Convering inches of oil to NIPA

[nucleareng78]

I have a positive displacement pump at the top of a tank with a suction piping going into it. I know the oil operating level and have determined that the suction piping is 5 inches under the normal operating level.

My question is how do I convert the 5 inches of oil level to Net Inlet Pressure Avaliable? I've looked around online and cannot find a straight forward answer and I'm sure it's a simple equation. The tank does operate at a slightly negative pressure but normally it is atmospheric.

And NO this is not a homework question, it's a real issue!

 

[nucleareng78]

Okay this makes much much more sense now.

So L2 doesn't matter at all. L1 needs to be from the oil level to the suction flange of the PD pump or the middle of the screws? I need to check to see if there are any elbows towards the suction flange (shouldn't be, but need to text).

if the inlet pipe is 3" in diameter would it be worth calculating the head loss of that?

 

[BigInch]

There mayb e inlet opening losses to consider too.
Search for inlet nozzle loss coefficients.

"People will work for you with blood and sweat and tears if they work for what they believe in......" - Simon Sinek

 

[nucleareng78]

As in pressure losses across the suction strainer?

Since the strainer is below the oil level, this would impact how much net inlet pressure available there is?

 

[nucleareng78]

Tank air space pressure: Pt (the absolute value)
Minus the effective head of the fluid = L1 x r x g

I need to convert the effective head of the fluid to psia correct?

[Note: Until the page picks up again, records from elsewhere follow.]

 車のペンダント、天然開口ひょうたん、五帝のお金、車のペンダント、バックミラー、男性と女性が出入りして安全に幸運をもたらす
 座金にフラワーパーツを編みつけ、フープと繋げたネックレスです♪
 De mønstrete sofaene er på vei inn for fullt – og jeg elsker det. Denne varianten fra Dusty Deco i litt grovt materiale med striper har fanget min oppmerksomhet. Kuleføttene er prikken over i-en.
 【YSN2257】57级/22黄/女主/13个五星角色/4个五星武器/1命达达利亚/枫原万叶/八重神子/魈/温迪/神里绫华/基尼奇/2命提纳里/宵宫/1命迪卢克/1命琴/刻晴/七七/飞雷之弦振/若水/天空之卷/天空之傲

It is so weird I would use L1...I guess this is why PD pumps are so different than centrifugal pumps.

 

[BigInch]

Not across the strainer, although there will be a head loss there too, at the entrance to L2. Any fluid at rest in the tank, being accelerated into a pipe must use some potential energy to accomplish the acceleration. The energy used for acceleration between fluid at rest as it enters a pipe and picks up velocity is described by the entrance loss coefficient.

There is no difference between a PD and centrifugal in that regard. PDs, especially diaphram and reciprocating cylinder pumps have additional acceleration head losses, because each time the diaphram, or cylinder is full, the cylinder or diaphram reverses stopping all velocity for a second, so the velocity head must be energized again and again at the beginning of each new cylinder cycle. If there are 3 or more diaphrams, then one diaphram is always filling as each diaphram is offset in cyclic period by 2 pi/3, as opposed to 2 pi/2 for a 2 diaphram pump, or 2 pi/1 for a 1 diaphram pump. The dead zones are less pronounced as the number of cylinders, or diaphrams increase.

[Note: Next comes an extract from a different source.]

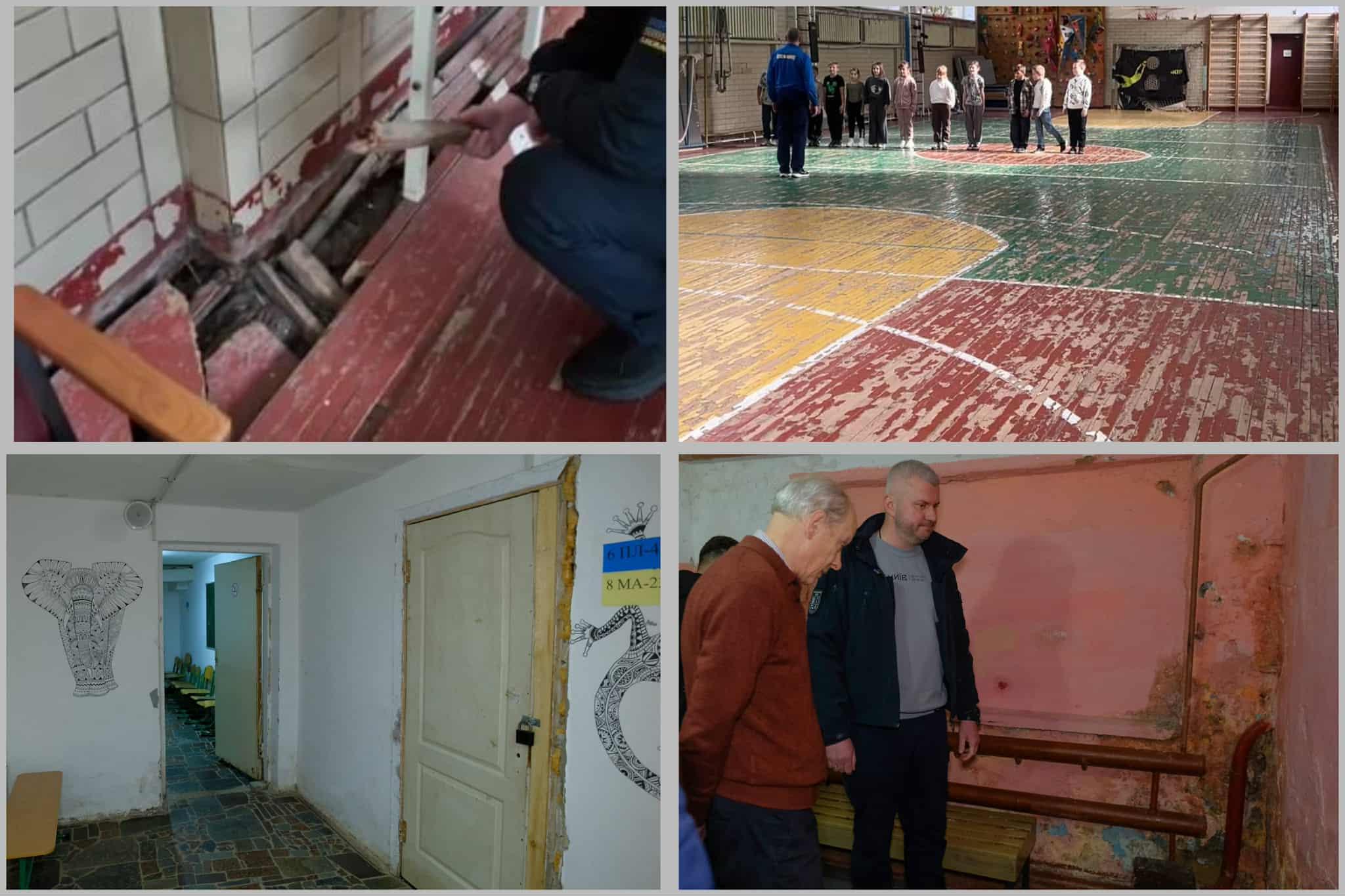 Оглянув їдальню, укриття, навчальні приміщення — і, чесно кажучи, картина невтішна. А спортивна зала й роздягальні — то взагалі окрема історія. Там ремонтів не було роками…

"People will work for you with blood and sweat and tears if they work for what they believe in......" - Simon Sinek

 

[nucleareng78]

I think you may be wrong on the strainer. You have to subtract the DP across the strainer because the pressure above the liquid level would be reduced due to the strainer.

Just seems like NIPA would decrease with a dirty strainer....

 

[nucleareng78]

just to clarify. Do we agree on the below equation?

Net Inlet Pressure Available = P(tank)-P(static)-DP(strainer)-DP(pipe)

P(tank) in this case is atmospheric, but sometimes a slightly negative pressure, due to fans inside.